6.4 Deadlock and lock ordering
If a code path through the kernel must hold several locks at the same time, it is important that all code paths acquire those locks in the same order. If they don’t, there is a risk of deadlock. Let’s say two code paths in xv6 need locks A and B, but code path 1 acquires locks in the order A then B, and the other path acquires them in the order B then A. Suppose thread T1 executes code path 1 and acquires lock A, and thread T2 executes code path 2 and acquires lock B. Next T1 will try to acquire lock B, and T2 will try to acquire lock A. Both acquires will block indefinitely, because in both cases the other thread holds the needed lock, and won’t release it until its acquire returns.

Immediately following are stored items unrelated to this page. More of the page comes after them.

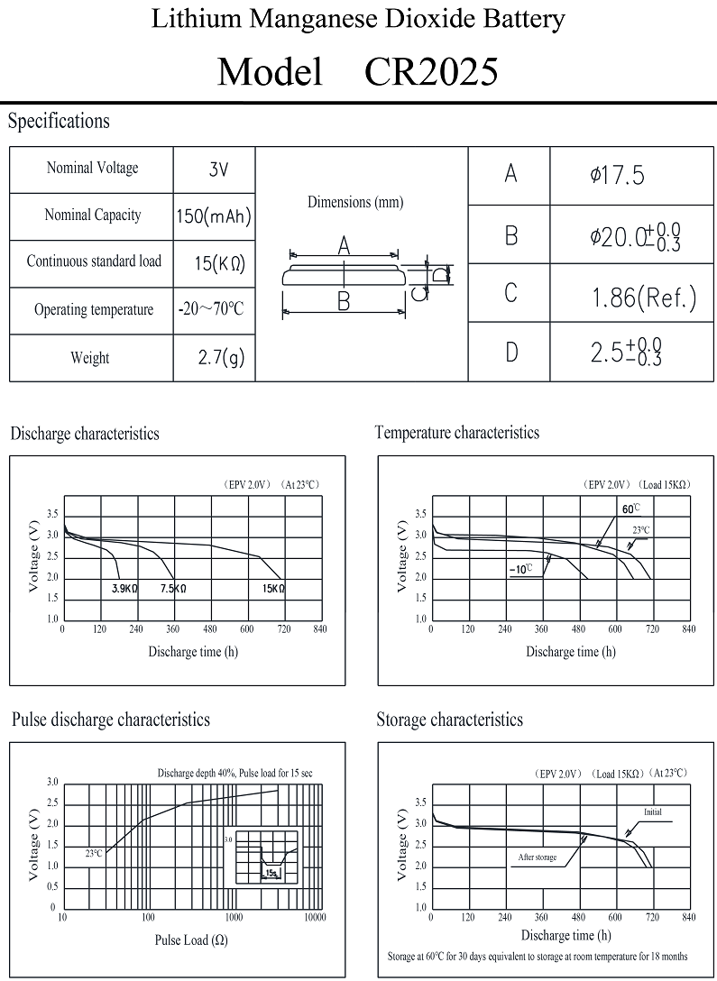 Li-MnO2 Coin Battery CR2025,3V 150mAh,Temperature -20℃ ~ +70℃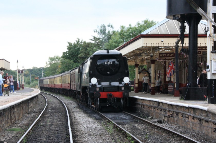But the steam power on both days of my visit (21/22 August 2025) was provided by un-rebuilt West Country Class Pacific (4-6-2) 34092 “City of Wells” with which I have a long history, having been photographed in its cab by my late father when it was in Woodham’s scrapyard at Barry in October 1966.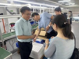 在生产现场,李教授及其团队对我们澎龙锂电在电池能量密度提升、安全性能优化以及循环寿命延长等方面的技术创新表现出浓厚的兴趣。他们不时停下脚步,与技术人员深入交流,分享学术见解,现场气氛热烈而融洽。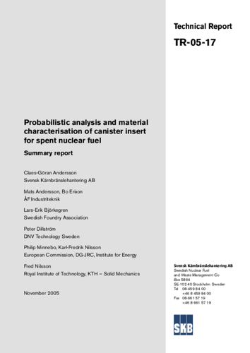 Probabilistic analysis and material characterisation of canister insert for spent nuclear fuel. Summary report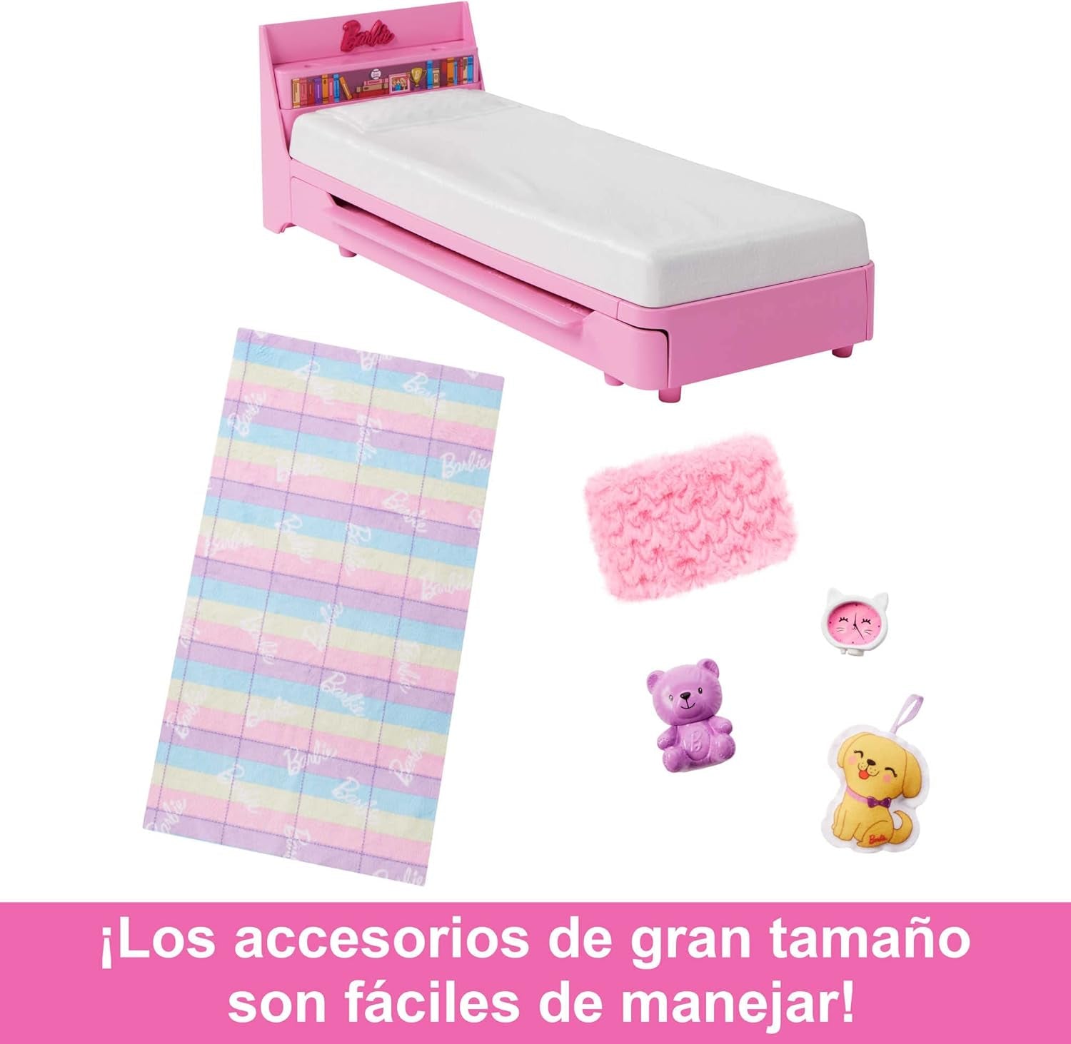 Barbie My First Series, Pat rulant, Pat cu accesorii, Ceas cu alarmă, Ursuleț de pluș, Set negru, Pernă, Păpușă, Cadou pentru copii, Jucării de la 3 ani,Hmm64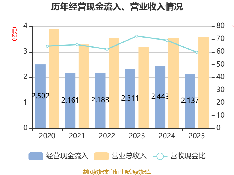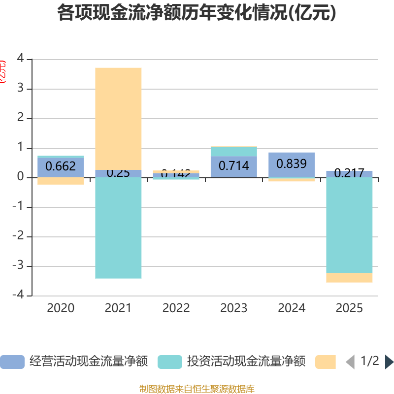 截至2025年,公司经营活动现金流净额为2172.87万元,同比下降74.11%;筹资活动现金流净额-3237.36万元,同比减少2289.78万元;投资活动现金流净额-3.24亿元,上年同期为-433.09万元。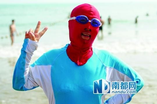 事实上,青岛大妈设计的尼龙材质、只露眼睛鼻子和嘴的“防晒神器”,2012年即走红网络,不仅入选了《时代》当年最令人吃惊照片,还在英文世界获得了一个专有名号———Facekini,翻译就是“脸基尼”。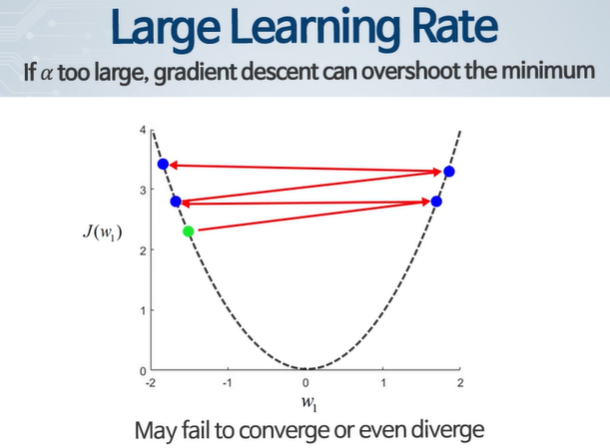 너무 크면 오버슈팅이 발생하여 발산할 수 있다.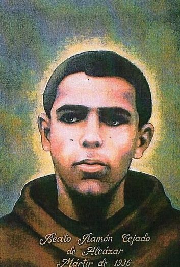 Fr. Ramón Tejado nació en Alcázar el 20.5.1915, de padres jornaleros del campo. Sintió desde pequeño inclinación y amor por las cosas religiosas, aún en medio de un ambiente hostil. Fue devoto de la Virgen María y de la Eucaristía, quedándose a veces en ayunas para comulgar. Alegre y juguetón, se entristecía cuando oía hablar mal. Era monaguillo en San Francisco y fue estimado por los sacerdotes. Superando oposiciones, ingresó en el Seminario franciscano de Alcázar el año 1926 y continuó estudios en La Puebla de Montalbán, Pastrana y Consuegra, hasta acabar segundo curso de teología. No pudo hacer la profesión religiosa solemne por hallarse sujeto al servicio militar. Fue muy piadoso, humilde y caritativo, fraile ejemplar. Se opuso a que un tío quisiera llevárselo a casa ante la persecución religiosa, prefiriendo morir con los frailes, sus hermanos en religión, que lo estimaban por su optimismo, servicialidad y amabilidad. ¡Que interceda por nosotros ante el Señor!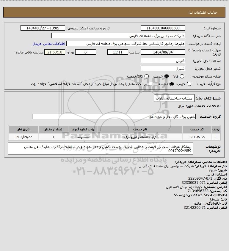 شرح کلی نیاز: عملیات ساختمانی داراب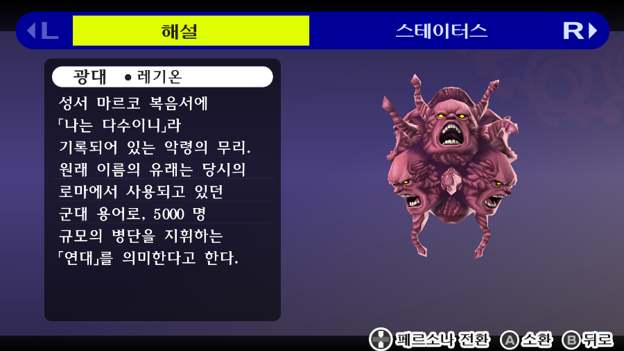 성서「마르코 복음서」제5장에 기록되어 있는 악령으로, 증오와 질투에 불타는 악질적인 사령이다.

To avoid such deadlocks, all code paths must acquire locks in the same order. The need for a global lock acquisition order means that locks are effectively part of each function’s specification: callers must invoke functions in a way that causes locks to be acquired in the agreed-on order.

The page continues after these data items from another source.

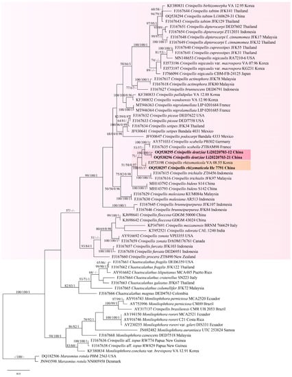 Phylogenetic analyses of Crinipellis and Marasmius were performed separately based on the ITS sequences. Marasmius rotula and C. zonata (Peck) Pat. were selected as the outgroups for the two datasets, respectively. The ITS sequences were aligned using MAFFT v.74 [] with the G-INS-I iterative refinement algorithm and optimized manually in BioEdit v.7.0.5.3. Maximum parsimony (MP), maximum likelihood (ML) analyses, and Bayesian inference (BI) were carried out by using PAUP* v.4.0b10, RAxML v.8.2.10, and MrBayes 3.2.6, respectively. The best-fit substitution model was estimated with jModeltest v.2.17. Detailed methods of the analyses referred to Li et al. []. MP, ML, and BI were carried out for the Crinipellis dataset, while only ML was applied to the Marasmius dataset. Four Markov chains were run for 2,000,000 for the Crinipellis dataset until the split deviation frequency value was lower than 0.01.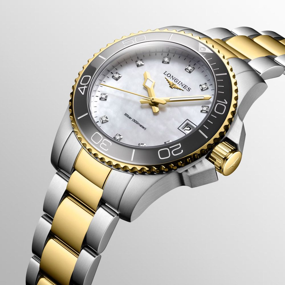 Das Material des Uhrengehäuses von Longines HydroConquest Damenuhr L3.370.3.87.6 ist Edelstahl, seine Farbe ist Arany,Ezüst, das Material des Armbandes ist Edelstahl und seine Farbe ist Arany,Ezüst. Der Durchmesser des Uhrengehäuses beträgt 32 mm, seine Form ist Rad. Das Glas der Uhr ist Saphir (kratzfrei), ihr Mechanismus ist Quarz und ihre Wasserdichtigkeit ist 30 atm (300 m) (zum Tauchen geeignet).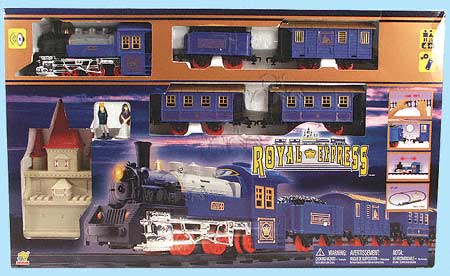9682 Royal Express Train. Train set includes cars, cabooses, tracks, castle, 2 figurines. Requires 2 "AA" batteries (not included). Box size: 23.5"L x 2.5"W x 14"H.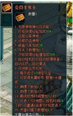 15.可进入VIP地图,挂机时间24小时,可邀请4名非VIP玩家进入

Xv6 has many lock-order chains of length two involving
per-process locks
(the lock in each
struct proc
)
due to the way that
sleep
works (see Chapter 7).
For example,
consoleintr
(kernel/console.c:136)
is the interrupt routine which handles typed characters.
When a newline arrives, any process that is waiting for
console input should be woken up.
To do this,
consoleintr
holds
cons.lock
while calling
wakeup
,
which acquires
the waiting process’s lock in order to wake it up.

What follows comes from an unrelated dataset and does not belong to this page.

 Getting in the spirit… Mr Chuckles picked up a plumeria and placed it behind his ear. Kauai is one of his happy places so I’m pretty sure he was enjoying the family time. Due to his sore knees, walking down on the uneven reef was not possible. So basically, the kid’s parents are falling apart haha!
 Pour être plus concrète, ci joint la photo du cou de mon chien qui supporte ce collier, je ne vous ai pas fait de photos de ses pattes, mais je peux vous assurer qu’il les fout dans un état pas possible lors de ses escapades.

In consequence, the global deadlock-avoiding
lock order includes the rule that
cons.lock
must be acquired before any process lock.
The file-system code contains xv6’s longest lock chains.
For example, creating a file requires simultaneously
holding a lock on the directory, a lock on the new file’s inode,
a lock on a disk block buffer,
the disk driver’s vdisk_lock
,
and
the calling process’s p->lock
.
To avoid deadlock, file-system code always acquires locks in the order
mentioned in the previous sentence.
Honoring a global deadlock-avoiding order can be surprisingly difficult. Sometimes the lock order conflicts with logical program structure, e.g., perhaps code module M1 calls module M2, but the lock order requires that a lock in M2 be acquired before a lock in M1. Sometimes the identities of locks aren’t known in advance, perhaps because one lock must be held in order to discover the identity of the lock to be acquired next. This kind of situation arises in the file system as it looks up successive components in a path name, and in the code for wait and exit as they search the table of processes looking for child processes. Finally, the danger of deadlock is often a constraint on how fine-grained one can make a locking scheme, since more locks often means more opportunity for deadlock. The need to avoid deadlock is often a major factor in kernel implementation.